### COLLECTED DATA

● ● ●

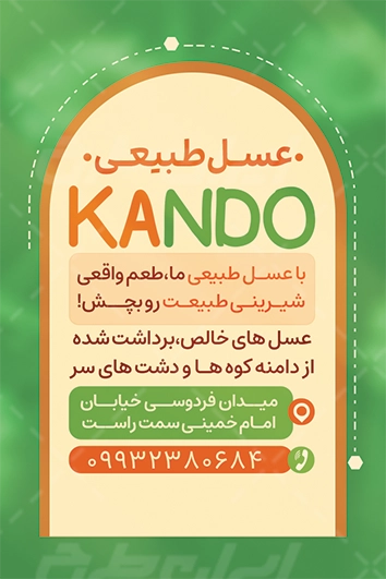 در طراحی کارت ویزیت برای عسلفروشیها، استفاده از تصاویری جذاب از محصولات عسل طبیعی و همچنین رنگهای طبیعی و ملایم میتواند تأثیر زیادی در جذب مشتری داشته باشد. طراحی کارت ویزیت باید بهگونهای باشد که حس طبیعی و اصالت محصولات را منتقل کند. اطلاعات تماس، آدرس فروشگاه، شماره تلفن و حتی وبسایت فروشگاه باید بهوضوح و با فونتهای خوانا درج شود تا مشتریان بتوانند به راحتی با فروشگاه تماس بگیرند.
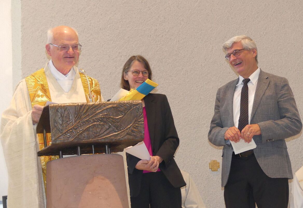 Pfarrer Hermann Weiß outet sich bei seiner Verabschiedung als VfB-Fan und entscheidet sich deshalb für einen Spielbesuch und nicht für einen Rundflug mit dem Motorsegler über die alte und neue Heimat Bad Mergentheim. Mit ihm im Bild die katholische Pastoralreferentin Barbara Schmitt-Feuchter und Weiß’ evangelischer Kollege Albrecht Schäfer. FOTO: SANDER
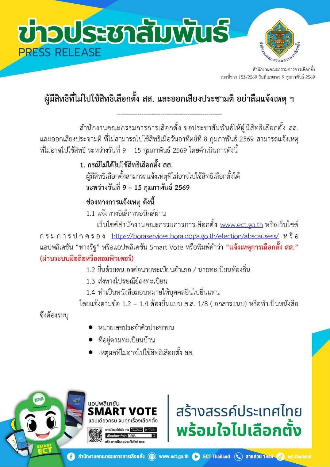 สำนักงานคณะกรรมการการเลือกตั้งเผยแพร่ข่าวเลขที่ 153/2569 วันที่ 9 กุมภาพันธ์ 2569 ผู้มีสิทธิที่ไม่ไปใช้สิทธิเลือกตั้ง สส. และออกเสียงประชามติ อย่าลืมแจ้งเหตุ ฯ
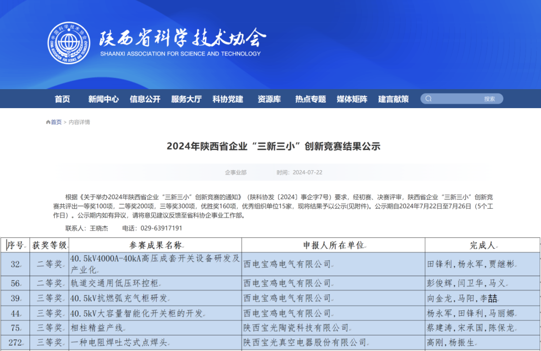近日,在2024年陕西省企业“三新三小”创新竞赛大会上,中国西电集团所属宝光集团所属西电宝鸡电气参赛的“40.5kV4000A-40kA高压成套开关设备研发及产业化、轨道交通用低压环控柜”荣获二等奖;“40.5kV抗燃弧充气柜研发及40.5kV大容量智能化开关柜的开发”荣获三等奖;所属宝光股份参赛的“一种电阻焊吐芯式点焊头、相柱精益产线”荣获三等奖。此次获奖是对宝光集团科技研发水平及成果转化应用的又一次高度肯定和认可,同时也是对宝光集团在创新发展道路上的激励和鞭策。

● ● ●

### YOUR OBJECTIVE
What is needed is a verbatim copy of the lines from the line with "Pfarrer Hermann Weiß" through the last line of the listing, pictures excluded.

### EXERCISE OUTPUT
 Pfarrer Hermann Weiß outet sich bei seiner Verabschiedung als VfB-Fan und entscheidet sich deshalb für einen Spielbesuch und nicht für einen Rundflug mit dem Motorsegler über die alte und neue Heimat Bad Mergentheim. Mit ihm im Bild die katholische Pastoralreferentin Barbara Schmitt-Feuchter und Weiß’ evangelischer Kollege Albrecht Schäfer. FOTO: SANDER
 สำนักงานคณะกรรมการการเลือกตั้งเผยแพร่ข่าวเลขที่ 153/2569 วันที่ 9 กุมภาพันธ์ 2569 ผู้มีสิทธิที่ไม่ไปใช้สิทธิเลือกตั้ง สส. และออกเสียงประชามติ อย่าลืมแจ้งเหตุ ฯ
近日,在2024年陕西省企业“三新三小”创新竞赛大会上,中国西电集团所属宝光集团所属西电宝鸡电气参赛的“40.5kV4000A-40kA高压成套开关设备研发及产业化、轨道交通用低压环控柜”荣获二等奖;“40.5kV抗燃弧充气柜研发及40.5kV大容量智能化开关柜的开发”荣获三等奖;所属宝光股份参赛的“一种电阻焊吐芯式点焊头、相柱精益产线”荣获三等奖。此次获奖是对宝光集团科技研发水平及成果转化应用的又一次高度肯定和认可,同时也是对宝光集团在创新发展道路上的激励和鞭策。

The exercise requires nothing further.